06 Oct 2017

Mutations in fused in sarcoma, a.k.a. FUS, trigger frontotemporal dementia and amyotrophic lateral sclerosis. A paper in the September 26 Cell Reports offers a possible explanation. Researchers led by Tsuyoshi Udagawa, Shinsuke Ishigaki, and Gen Sobue at Nagoya University in Japan reported that FUS cooperates with other proteins to stabilize mRNA encoding SynGAPα2, a protein that fosters the maturation of dendritic spines. In animals lacking FUS in neurons, SynGAPα2 levels fell, spines stayed immature, synaptic function waned, and behavioral problems emerged. Restoring SynGAPα2 expression partially ameliorated these deficits.

“This fascinating piece of work starts to unravel neuron-specific functions of FUS and demonstrates the complexity of regulating mRNA stability,” said Caroline Vance of King’s College London.

In neurons from people with ALS/FTD, the RNA-binding protein FUS gets rerouted from the nucleus to the cytoplasm, where it accumulates in RNA granules (Jul 2010 news and Oct 2015 news; May 2010 news). How misplaced FUS hastens neurodegeneration is unclear, but some studies have reported that loss of FUS dampens synaptic transmission and stunts the maturation of dendritic spines (Fujii et al., 2005; Sephton and Yu, 2015). 
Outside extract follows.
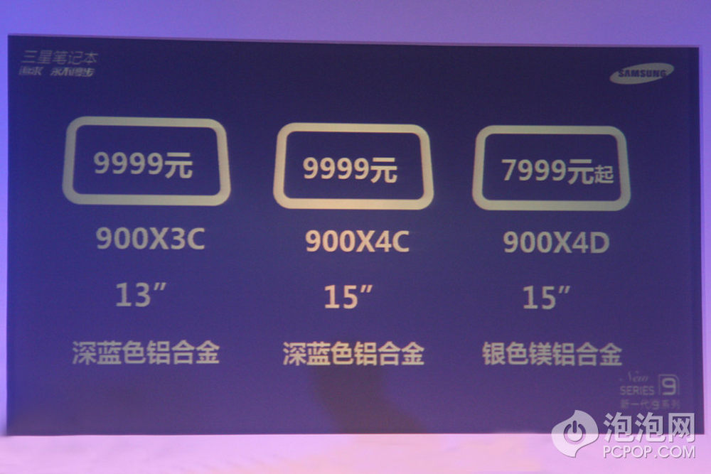 售价方面:13英寸深蓝色铝合金900X3C售价为9999元;15英寸深蓝色900X4C售价为9999元;由于表面材质与前两款略有不同,15英寸银色铝合金900X4D售价仅为7999元。13/20

In the current study, first author Satoshi Yokoi and colleagues looked deeper into FUS’s role in synaptic function. In agreement with previous studies, they found that knocking down FUS in primary hippocampal neurons reduced both the total number of dendritic spines and the proportion of mature, mushroom-shaped ones. PSD-95, a major post-synaptic structural element, was excluded from spines, though expressed at normal levels.

Yokoi reasoned that loss of FUS could affect the expression of proteins that usher PSD-95 to the synapse. Indeed, a screen for missing PSD-95 partners in FUS-deficient neurons homed in on SynGAP. Tenfold less of the protein bound PSD-95 in FUS-deficient neurons, and SynGAP expression halved. Specifically, FUS deficiency only dampened expression of SynGAPα2. This SynGAP isoform, which lacks exon 19, has been reported to increase synaptic transmission, while SynGAPα1, containing exon 19, decreases it (McMahon et al., 2012). Strikingly, overexpression of SynGAPα2 (but not SynGAPα1) in FUS-deficient neurons rescued the spine abnormalities.
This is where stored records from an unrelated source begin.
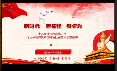 6月9日中午,醫(yī)學(xué)技術(shù)系第十八期業(yè)余分黨校培訓(xùn)班第一課由醫(yī)學(xué)技術(shù)系黨總支負(fù)責(zé)人邱滾忠開講。此次課程主要圍繞學(xué)習(xí)十九大報(bào)告、貫徹新時(shí)代新思想新要求展開。他強(qiáng)調(diào),在深入解讀學(xué)習(xí)十九大報(bào)告和新時(shí)代新要求后,希望學(xué)員們能夠明確自己的奮斗目標(biāo),提高自身素質(zhì),向新時(shí)代奮進(jìn)!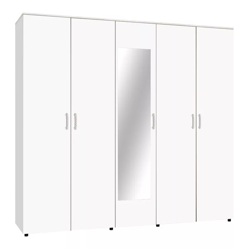 - Features five hinged doors and an integrated mirror.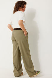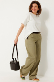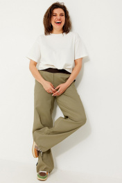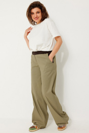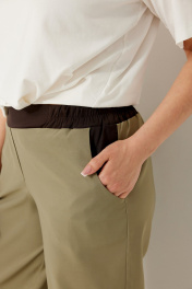 Свободные текстильные брюки с эластичным поясом и контрастными вставками BegiModa 6063 олива

How did FUS support expression of SynGAPα2, but not SynGAPα1? Using genetic and biochemical approaches, the researchers pinned the differential down to the 3'UTR. They found that SynGAP 3'UTRs come in two varieties, long and short. Only the long UTR contained a binding site for FUS. While both short and long 3'UTRs were detected for each SynGAP isoform, SynGAPα2 had a higher proportion of long 3'UTRs than did SynGAPα1, making it more sensitive to FUS’s function. With the help of another RNA-binding protein called ELAVL4, FUS preferentially bound SynGAPα2 mRNA and protected it from decay (see model above). Conversely, in FUS-depleted cells, another ELAVL protein, ELAVL1, bound to SynGAPα2 mRNA to promote its destruction. Overall, the findings suggested that loss of FUS destabilized SynGAPα2 mRNA, cast PSD-95 adrift, and stymied the maturation of dendritic spines. 

How might this relationship play out in vivo? To find out, the researchers conditionally knocked out FUS expression in the mouse forebrain. This slashed both SynGAPα2 levels in the hippocampus and mature dendritic spines on hippocampal neurons. The animals also were hyperactive and less anxious than control mice, though they performed fine on memory tests. Injecting viruses expressing SynGAPα2 into the animals’ brains restored the maturation of dendritic spines, and largely ameliorated the behavioral problems. 

The researchers contend that loss of SynGAPα2 mRNA could play an important role in synaptic dysfunction in FTD and ALS. In line with their previous findings that FUS protects mRNA for the AMPA receptor subunit, GluA1, albeit by stabilizing its polyA tail, they proposed that mRNA protection represents a broad, pathologically relevant role for FUS (Udagawa et al., 2015). 

Both gain-of-toxic-function and loss-of-function mechanisms have been proposed to explain FUS’s role in neurodegeneration. Yokoi, Ishigaki, and Sobue wrote to Alzforum that their findings favor the latter. They speculated that FUS aggregation in the cytoplasm might thwart the protein’s protective prowess. Though mRNAs are ultimately transported into the cytoplasm for translation, many of the RNA processing events regulated by FUS occur in the nucleus, including splicing and polyadenylation—and ELAVL1 binds to mRNAs there as well.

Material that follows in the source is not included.